What is Still to Come:

The exact timeline of further reforms to the Privacy Act is yet to be confirmed. The full scope of these changes also remains uncertain, but based on previous indications outlined in the Review Report and the Government Response to the Report, they may include:

  • removal of small business exemption which currently applies to businesses with an annual turnover of $3 million or less;
  • an expanded definition of personal information to include technical identifiers such as IP addresses and device identifiers;
  • a new ‘fair and reasonable’ test to apply to the handling of personal information notwithstanding any consent provided by the individual; and
  • expanded individual rights such as the right to erasure. 
 
In Summary: 

Practical steps businesses can take to bolster their Privacy processes in light of the ongoing Privacy reforms:

  • Take reasonable measures to protect personal information as required by APP 11.1, and be in a strong position to demonstrate you have done so.  
  • Understand current privacy obligations required by the APP, including the more explicitly defined security measures required by the new APP 11.3 mandating technical and organisational measures.
  • Review current organisational privacy policies and update as necessary, particularly if your business utilises automated decision making processes (new transparency obligations commence 10 December 2026).
  • Embed ‘privacy by design’ as an organisational principle, ensuring privacy compliance is a whole of organisation approach. 
  • If your business provides an online service or platform that is likely to be accessed by children, uplift resources to ready your business to comply with the Children’s Online Privacy Code to be developed. Monitor consultation opportunities closely. 
  • Ensure your business has a clear data breach preparation and response plan (the guide made available by the OAIC is a useful starting point). 
  • Seek legal advice if you need guidance or are unsure of the application of privacy laws particularly as they apply to your business. 
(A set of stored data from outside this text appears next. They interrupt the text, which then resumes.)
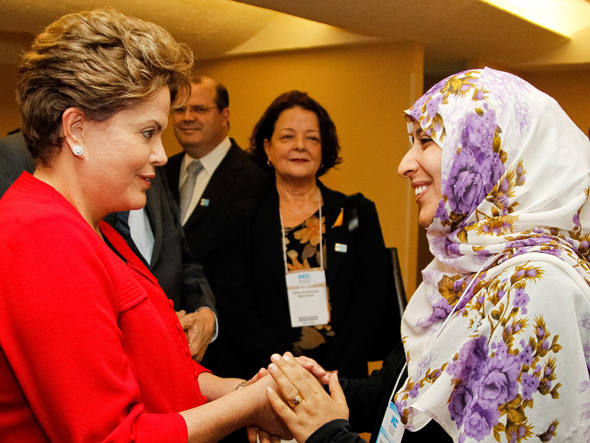 A ativista iemenita Tawakkol Karman, prêmio Nobel da Paz em 2011, foi recebida nesta quarta-feira pela presidente Dilma Rousseff e se interessou pelos programas brasileiros de combate à fome.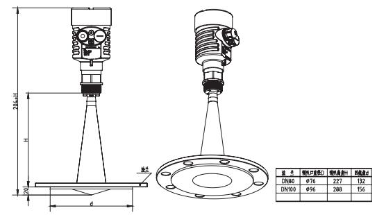 SKD57衛(wèi)生型平面雷達(dá)物位計外型尺寸圖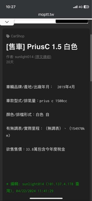 推 yuio300: 售車版應該要推強制揭露車牌才能po文1.200.182.132 05/06 23:17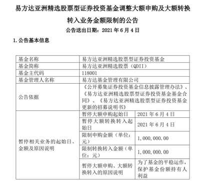 6月3日,易方达基金发布易方达亚洲精选调整大额申购及大额转换转入业务金额限制的公告称,决定从6月4日起,调整易方达亚洲精选在全部销售机构的大额申购、大额转换转入业务金额限制,由“单日单个基金账户累计申购(含定期定额投资及转换转入)的金额不超过1万元”调整为“单日单个基金账户累计申购(含定期定额投资及转换转入)基金的金额不超过100万元”。
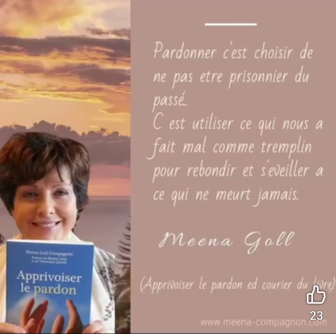 Le pardon vécu dans mon livre, “Apprivoiser le Pardon”, s’est manifesté quand j’ai pu recevoir le Don de mes épreuves, laisser ouvrir mon cœur à la Gratitude et réaliser qu’il n’y avait rien ni personne à pardonner.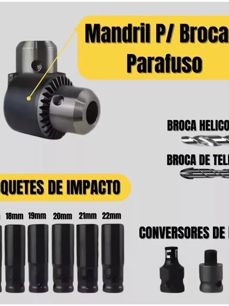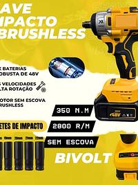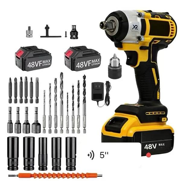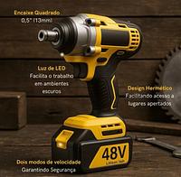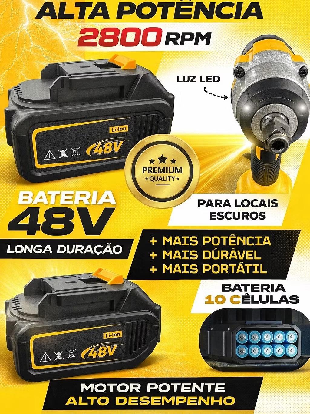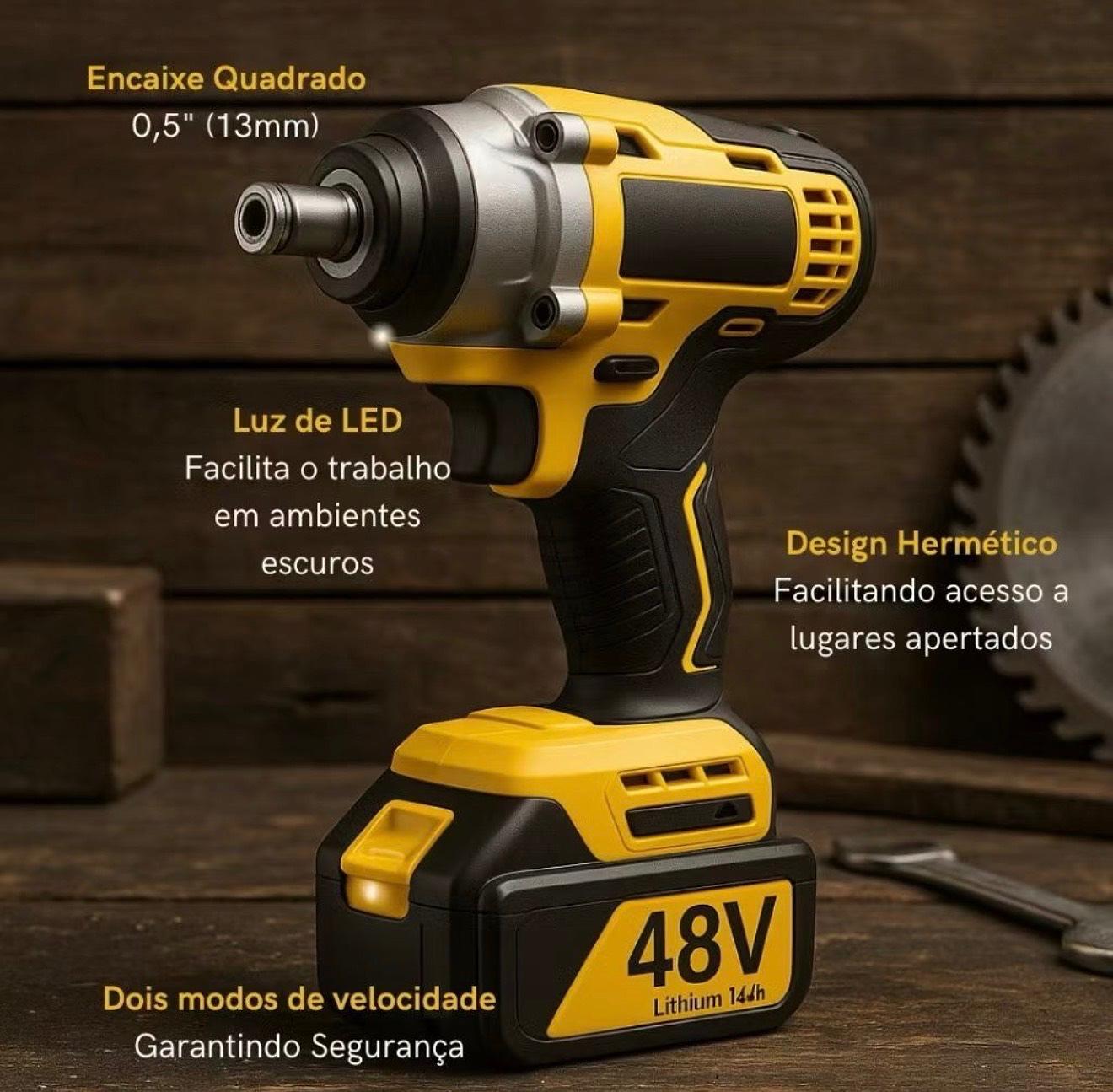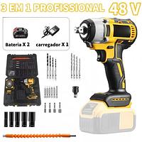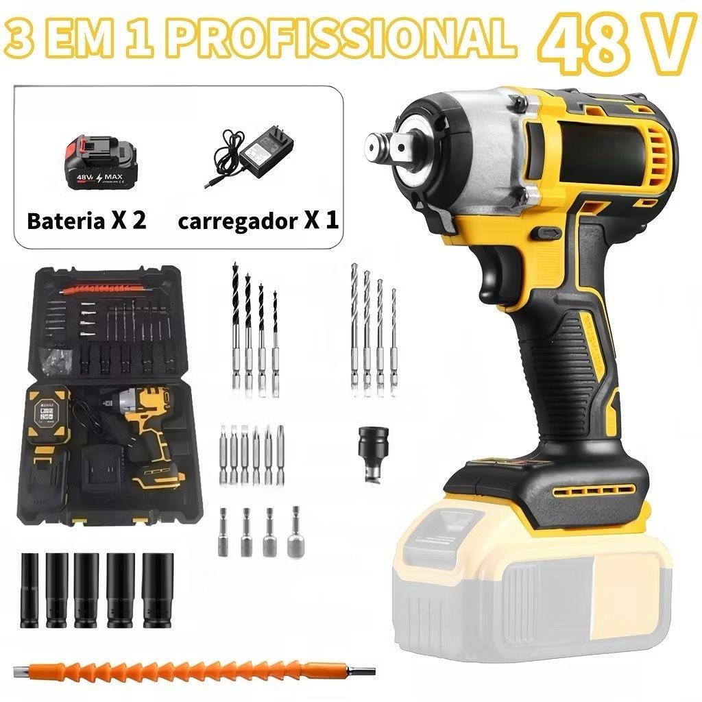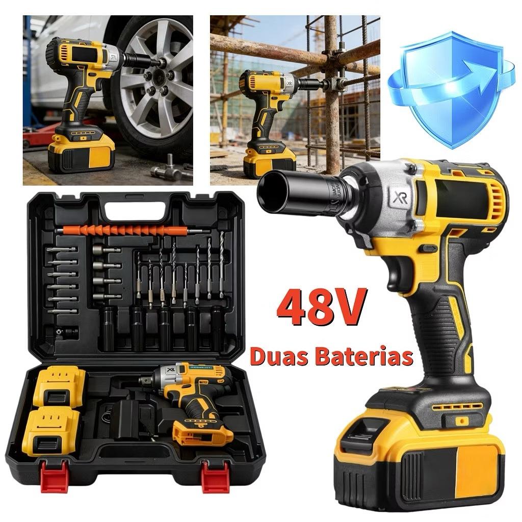 Chave de Impacto 48V Sem Fio Profissional com 2 Baterias de Lítio Parafusadeira Furadeira Bivolt Alta Potência

By undertaking these steps businesses not only reduce the likelihood of attracting a privacy complaint in the first place, but it also strengthens their position should one ensue. 

In the determination of ‘ATE’ and ‘ATF’ [2025] AICmr10 (13 January 2025), the OAIC dismissed claims that the organisation had breached APP11.1 (an ancillary matter considered as part of the broader complaint). In this matter, personal information was secured in a Customer Management System (‘CMS’) where access was limited to staff who worked in the customer support team or required access to carry out their functions. The CMS was password protected and all changes to customer details were logged. 

The OAIC was of the view that even if additional steps were implemented to protect personal information in this case, it would not have prevented the disclosure by the senior employee. It commented, “The fact that the senior employee circumvented the respondent’s practices, procedures and systems does not itself indicate that the respondent failed to take reasonable steps to protect the complainant’s personal information.”  

Where a business can demonstrate a documented, layered and considered approach to privacy compliance, it creates a strong evidentiary foundation to survive a Privacy Claim.

This publication contains general information only and does not constitute legal advice. You should obtain professional advice tailored to your circumstances before acting on any information contained in this article.